Melbourne’s defence did tighten up in 2017, conceding four or less tries in every match through to the Grand Final, and only losing the two matches where the opposition scored four tries.6
Melbourne – 36 (Cronk 21’, 26’, Slater 18’, Chambers 63’, Stimson 66’, Blair 69’ tries; Smith 6/6 goals)
Gold Coast – 38 (Hurrell 44’, 77’, James 15’, Pulu 32’, Don 36’, McQueen 54’, Roberts 73’ tries; Elgey 5/7, Taylor 0/1 goals)
Stat pack
Melbourne have previously played three games on 18 March winning in 2000 against Parramatta, but losing to the Wests Tigers in 2001 and Parramatta in 2021.
Melbourne are on a seven game winning streak on the Gold Coast, having won five straight against the Titans and two against other opponents during the dark times in 2021. Gold Coast last defeated Melbourne in 2013 when the NRL always seemed to schedule a game there during the midseason exhibition series.7
Melbourne have won eight straight against the Gold Coast, with the Titans last win being the game featured above.
Melbourne average 28.28 points in games against the Gold Coast, the club’s highest average against active opponents.
In the only match between Melbourne and the Gold Coast Chargers, Melbourne won 62–6, which was the club’s highest score and biggest winning margin back in the club’s inaugural season.
Team line-up
Nick Meaney
Will Warbick
Remis Smith
Justin Olam
Xavier Coates
Tyran Wishart
Jahrome Hughes
Tui Kamikamica
Harry Grant
Christian Welch ©
Trent Loiero
Elisa Katoa
Josh King
Jonah Pezet (NRL debut)
Alec MacDonald
Tariq Sims (Storm debut)
Jordan Grant
Grant Anderson
Aaron PeneYoung TonumaipeaBronson Garlick
Kane Bradley
Preview
Team list Tuesday brought news of three possible returns from injury, with Justin Olam and Xavier Coates named in the backline, and Tui Kamikamika coming back into the forward pack to offset the loss of Nelson Asofa-Solomona. Hopefully all three or at least one of these three will actually take the field on Saturday afternoon.

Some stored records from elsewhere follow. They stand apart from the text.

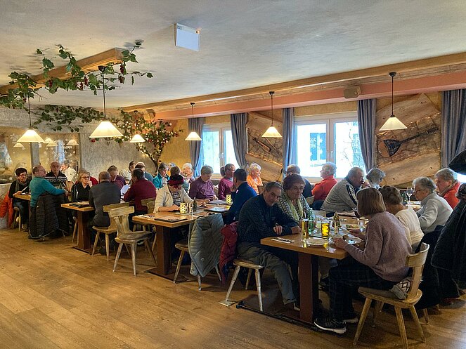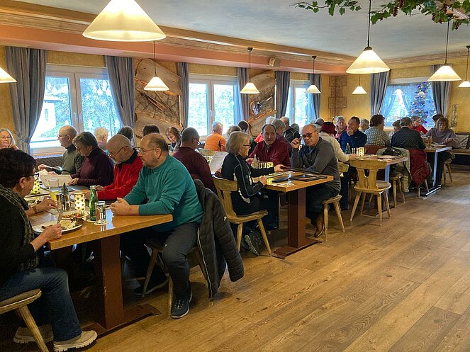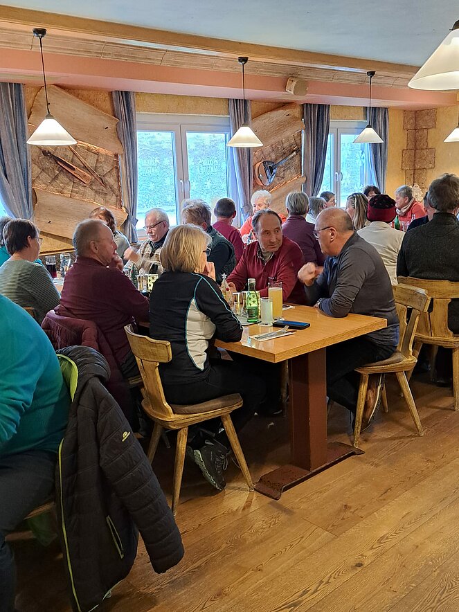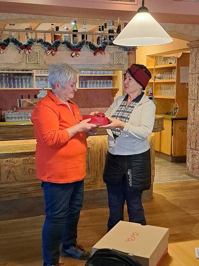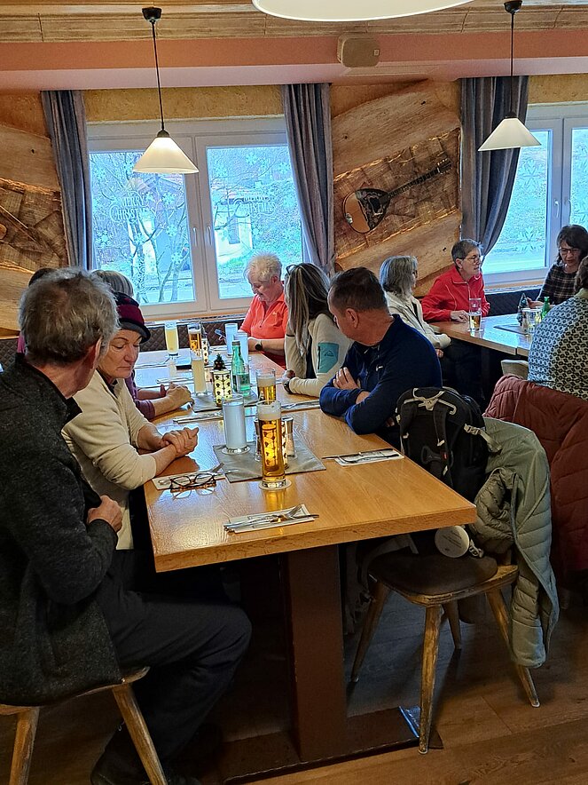 Bei gutem Essen und anregenden Gesprächen ließen wir die Wander- und Radsaison ausklingen. Ein besonderer Moment war das Dankeschön der Gruppe, das Traudi an unsere Wanderbegleiterin Hannelore überreichte. Da unser Fahrradguide Armin krankheitsbedingt fehlte, wurde er kurzerhand mit seinem Geschenk zu Hause besucht.
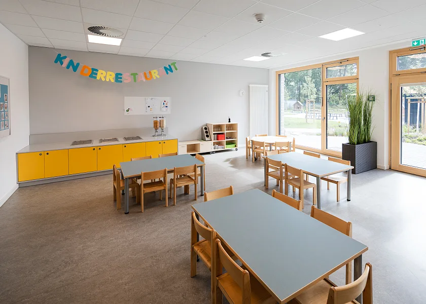In unserer hauseigenen Küche werden täglich frische Mahlzeiten zubereitet. Die Grundlage bildet das Verpflegungskonzept von KiTa Bremen „Essen und Trinken als Qualitätsmerkmal“. Bei der Auswahl der Lebensmittel legen wir Wert auf einen biologischen Anteil. Hier bevorzugen wir saisonale und regionale Angebote. Täglich wird den Kindern ein leckeres und gesundes Frühstück und Mittagessen angeboten. Wir verstehen auch das Restaurant als Lernort für die Kinder, wobei sie von den Fachkräften unterstützt werden.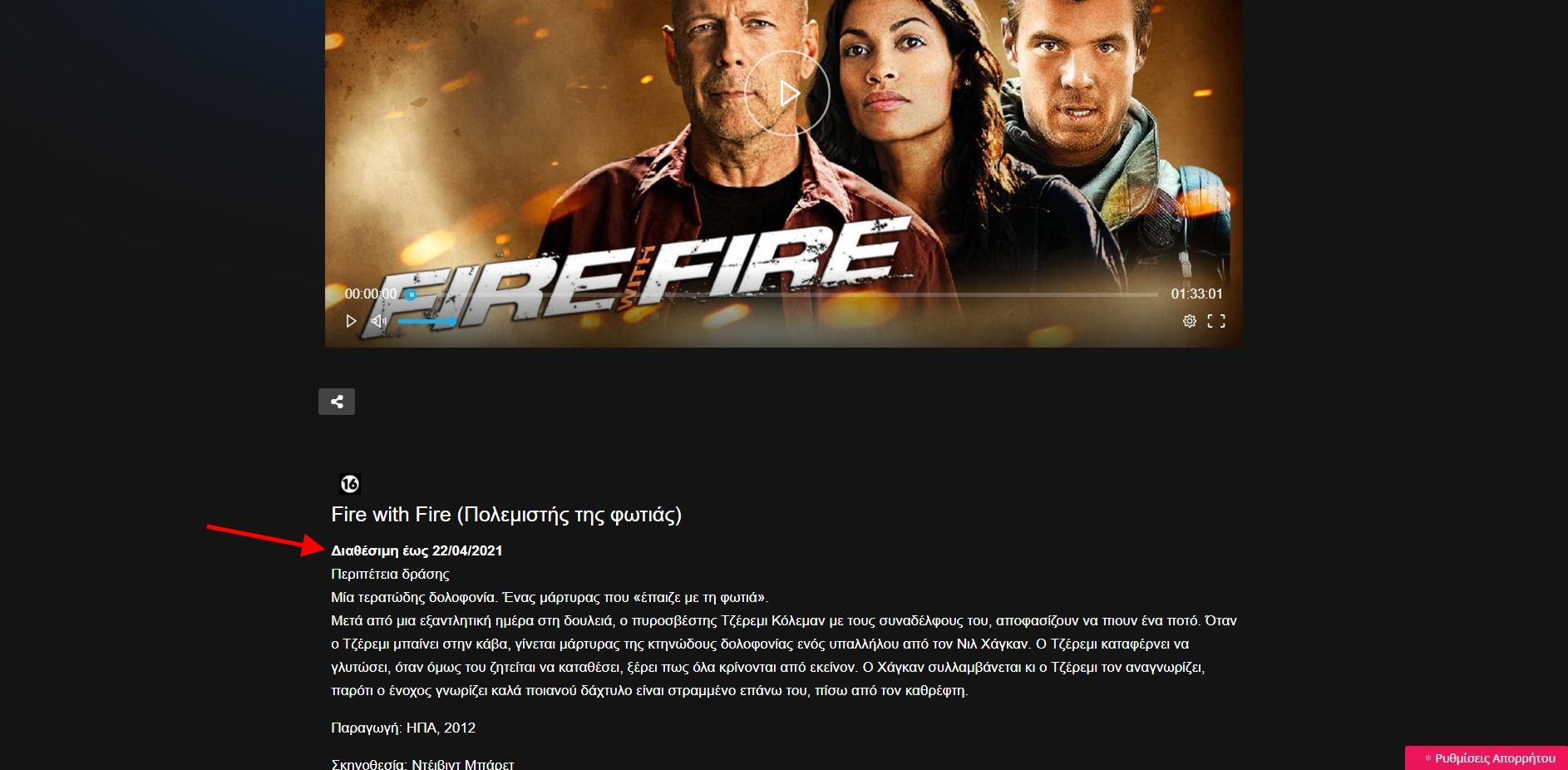 Για κάθε ταινία που θέλεις να παρακολουθήσεις, το ΕΡΤflix σε ενημερώνει έως πότε θα παραμένει διαθέσιμη στην υπηρεσία του.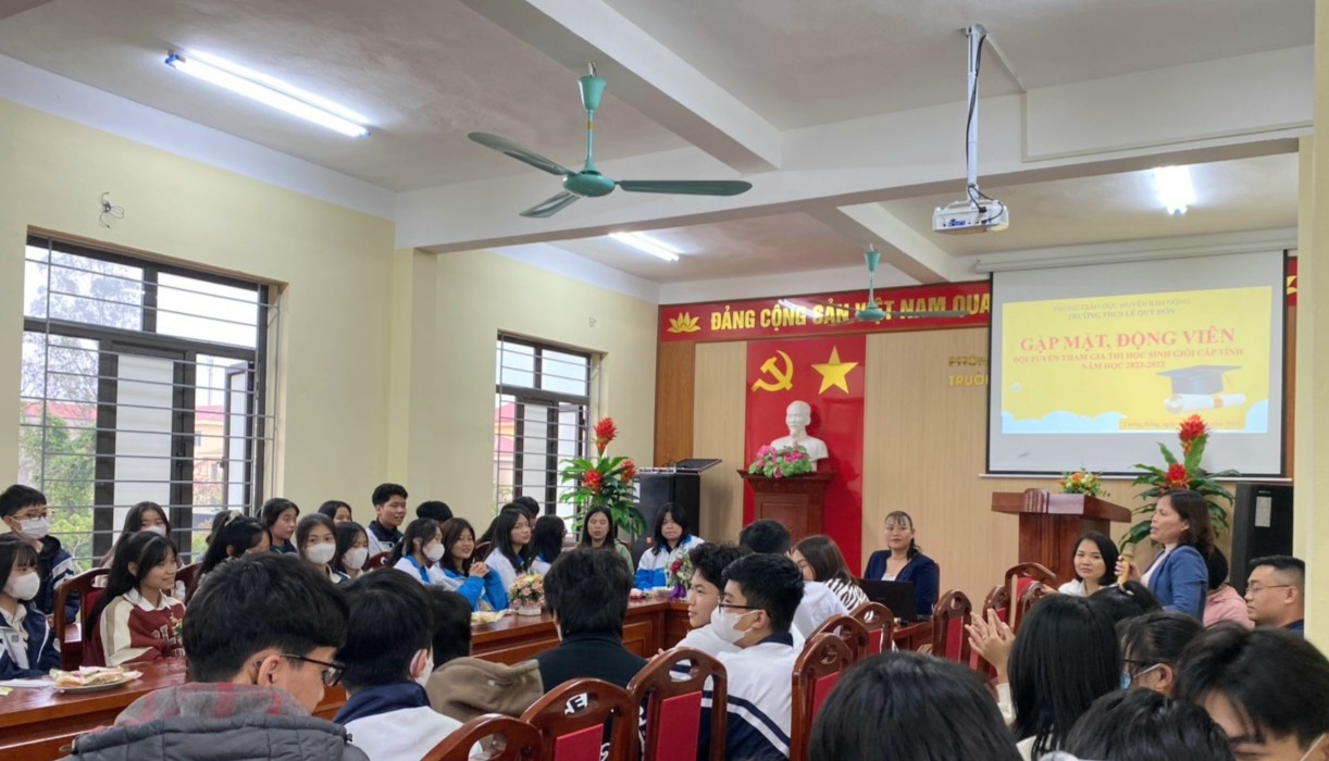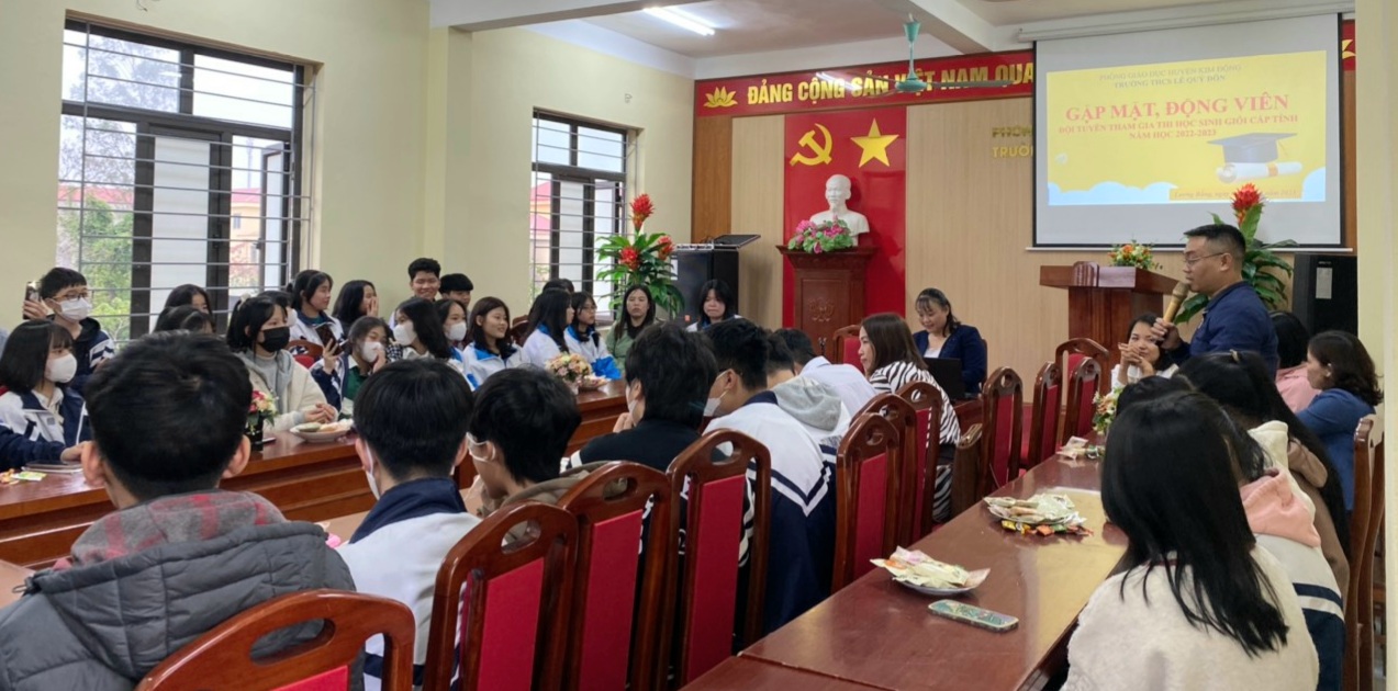 Thực hiện công văn số 2525/SGDĐT-QLCL của SGD ngày 14/12/2022 về Tổ chức Kỳ thi chọn học sinh giỏi cấp tỉnh THCS năm học 2022 - 2023; Thực hiện kế hoạch triển khai nhiệm vụ năm học và kế hoạch tổ chức các hoạt động giáo dục năm học 2022 – 2023, được sự nhất trí của Chi bộ, chiều ngày 4/2/2023, trường THCS Lê Quý Đôn tổ chức buổi Gặp mặt, động viên các đội tuyển tham gia thi HSG cấp Tỉnh năm học 2022 – 2023. Đây là một hoạt động ý nghĩa diễn ra hàng năm trước ngày thi HSG lớp 9 cấp Tỉnh của nhà trường, nhằm động viên khích lệ ý chí quyết tâm, tinh thần trách nhiệm cao nhất của mỗi em học sinh trong đội tuyển và để chia sẻ “bí quyết” kinh nghiệm trong thi cử, tạo tâm lí tự tin chủ động cho các em HS trước ngày thi, góp phần không nhỏ vào sự thành công của kì thi, thực hiện thắng lợi nhiệm vụ kế hoạch giáo dục, đạt và vượt các chỉ tiêu nhà trường đề ra từ đầu năm học.

On the bench the Pezet era might be about to commence with Jonah Pezet set to make his NRL debut. Will the hype be justified? Pezet certainly brings a lot of potential to the team and if used well, I hope his NRL debut is the start of a long career.8
Tariq Sims has also been named to come off the bench for his Storm debut. Sims could be a good signing if he can stay on the field, but it hasn’t been a stellar start in that regard.
UPDATE: Pezet and Sims are both in the final squad and named to play, while Bronson Garlick has maintained his bench role ahead of Jordan Grant. Coates, Olam and Kamikamica all are named, although Anderson will travel as cover.

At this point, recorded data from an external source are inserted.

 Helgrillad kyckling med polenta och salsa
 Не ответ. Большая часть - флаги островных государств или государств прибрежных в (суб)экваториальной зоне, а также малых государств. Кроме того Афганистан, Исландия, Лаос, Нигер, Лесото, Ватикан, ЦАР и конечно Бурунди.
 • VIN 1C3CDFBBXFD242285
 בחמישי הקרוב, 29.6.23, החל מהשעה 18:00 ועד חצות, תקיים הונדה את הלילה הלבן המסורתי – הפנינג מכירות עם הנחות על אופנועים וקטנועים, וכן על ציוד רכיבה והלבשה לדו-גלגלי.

Looking at the Titans Duds, former Storm young gun Tino Fa’asuamaleaui has been joined by little brother Iszac. Joe Stimson has also made the trek to the coast after his time was up at the Bulldogs last year. Melbourne will need to look out for the pace of the Titans little men, with experienced playmaker Kieran Foran now in charge of the Gold Coast attack.
With both teams missing tackles like they’re going out of fashion, perhaps a high-scoring dual might be in order rather than a defensive stalemate. Or they both could splutter and drop the ball in a knock-on-athon.9
The reshuffle certainly makes the team look better on paper, however with the injury report still looking dire, Melbourne go into a second straight game looking vulnerable. Lightning won’t strike twice will it?

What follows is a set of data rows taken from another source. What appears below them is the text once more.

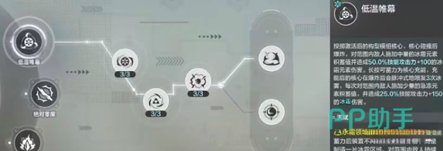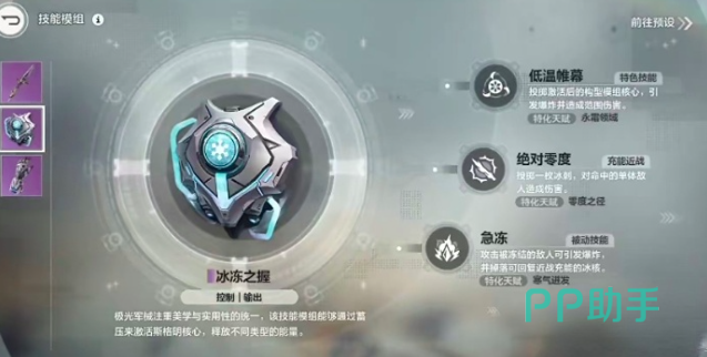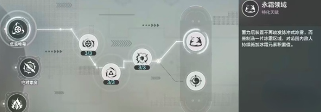 “冰冻之握”作为控制与输出兼备的核心模组,包含三大技能:主动技“低温帷幕”、充能技“绝对零度”,以及被动技“急冻”。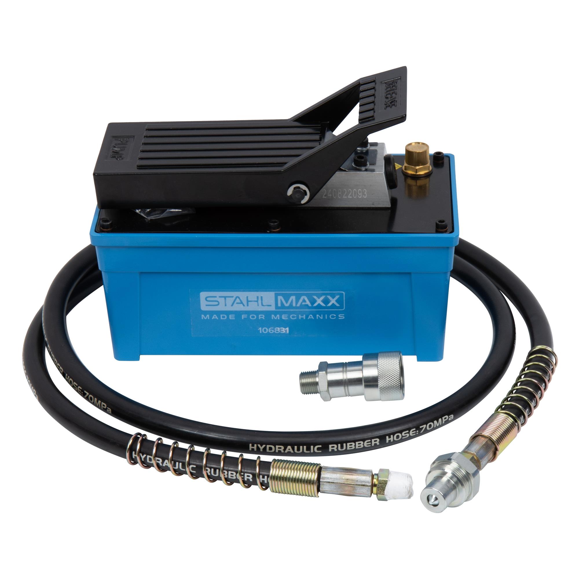 Leistungsstarke und robuste Druckluft-Hydraulik-Pumpe (689 bar / 10.000 PSI), mit Fußschalter, Schnellkupplung und 2,2 m langem Hydraulik-Schlauch.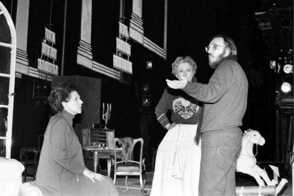 «За зеркалом». Репетиция с режиссером Вячеславом Долгачевым. МХАТ им. А.П. Чехова. 1994 год. Фото Игоря Александрова.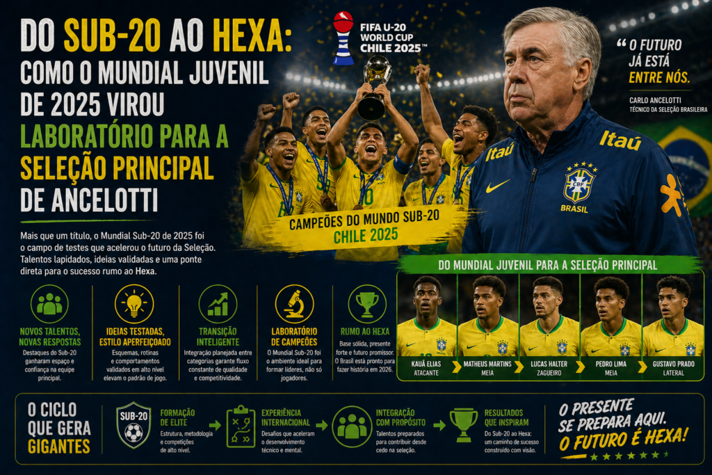 Santiago do Chile/Granja Comary — O futebol brasileiro tem um relógio próprio. E ele não marca apenas minutos. Marca ciclos. Enquanto a Seleção Principal se prepara para a Copa do Mundo de 2026 nos Estados Unidos, uma geração mais nova escreve seu próprio capítulo: o Mundial Sub-20 de 2025, disputado no Chile, funcionou não apenas como torneio de base. Funcionou como vitrine. Como laboratório. Como ponte direta para o time de Carlo Ancelotti.

But I digress. Although some fancy new facilities being built in Victoria over the next few years might be a good thing.
The Titans have won twice in Melbourne from 11 matches – the S12E04 extremely negative rugby league stylings in the upset at Olympic Park in 2009, and the S17E05 win at AAMI Park in 2014 a week after Melbourne lost to Canterbury (oh oh) in Perth.
Thankfully the Indigenous jerseys from 2018 onwards have been more in keeping with the club’s colour palette, and all have been an improvement on the 2012-2017 iterations.
Both games during the midseason exhibition series: S20E16 – the 25–24 loss to the Roosters in Adelaide; S20E18 – the 22–6 loss to Parramatta.
Seriously, two of Melbourne’s three losses at Robina have been in June, with the other coming in April 2010 just before everything went pear-shaped.
Hopefully in Melbourne.
It really could go either way 30–28 or 14–6. Uncertainty is back in vogue!